Oilsands operators are also battling inflation, said Brad Corson, president and chief executive officer at Imperial Oil Limited.

“We are seeing some of the same inflationary pressures that others in the industry, and really all sectors, are experiencing right now. I would characterize it year-to-date as being very moderate for us. The main place we see it is in energy costs, because we do consume a fair amount of natural gas in our operations. It’s very difficult to offset the energy costs. But again, when we see higher energy costs on the expense side, it also translates into higher revenues for us on our production side.”

Having a steady development program and continuously learning from well pad to well pad is helping Canadian Natural Resources Limited manage inflation, said Tim McKay, company president.

“We haven’t really seen what I would call major inflationary pressures because we’re basically being offset by efficiency gains. The way we structured our program is some of those same crews, for example in the thermal side, are moving from one pad to the next pad to the next pad. So by doing it that way, we’re taking the learnings and efficiencies and we’re basically taking them to the next pad. So each and every well pad we’re finding ways to do it better and offset inflationary pressure.”

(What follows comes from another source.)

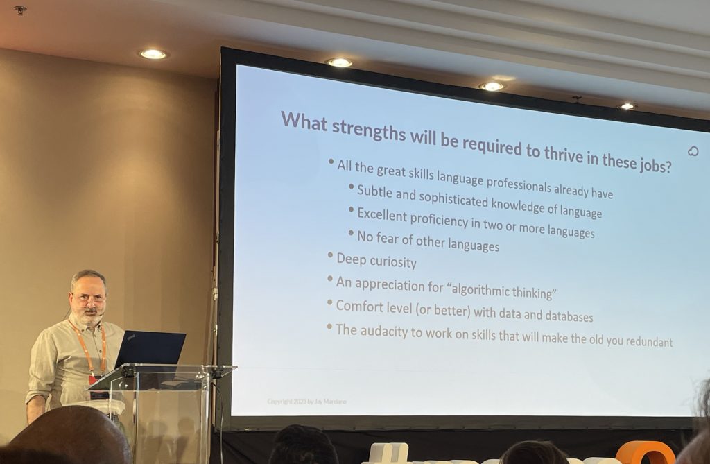 MT-Profi @Jay Marciano on Lengoo.com sieht die Zukunft von klassisch arbeitenden Übersetzer:innen angesichts der rasanten Entwicklung ohnehin düster und empfiehlt, sich eher in Richtung „Pre- oder Post-Editor“„Data Curator“, „Prompt Engineer“ und dergleichen „weiterzuentwickeln“. Allerdings stellte er in seinem Vortrag „Generative AI and the creation of cross-lingual content: ChatGPT, Large Language Models, and the future of the localization industry“ die Übersetzung an sich als rein mathematisches Problem dar.

From a “physical inflationary pressure” standpoint, McKay said CNRL has “obviously” seen an increase in labour costs. But it’s the cost of steel that is having a more dramatic impact.

“Steel prices are up. The knock-on effect of steel is also we’re seeing what I would have to say is a 20 to 25 per cent increase on let’s say physical vessels — separators and some manufactured vessels. So, we are seeing that inflationary pressure there.

“Where it all levels off is always difficult to say, but the key for us is if we can keep that momentum going in terms of finding those efficiencies as we move to the next pad, we can offset a lot of these costs. And that’s what we’re doing today and it’s working very well.”

On the royalty front, McKay said having to pay higher royalties is a nice problem to have. “In terms of royalties, obviously with the structure of not only the conventional side but also the oilsands, as prices move up the royalties kind of move with it. It’s always difficult to say where the royalty piece will end up, depending on your price forecast. But it’s the same for all of us operators — as the prices change, the royalties kind of go in concert with them.”

No one in the industry minds paying more royalties given the obvious corporate benefits of surging prices and the impact on the bottom line, he added, especially after price drops during the pandemic.

“It’s good to see. When you look back at 2020 and where the industry was at and where it is today, it’s kind of the complete opposite.”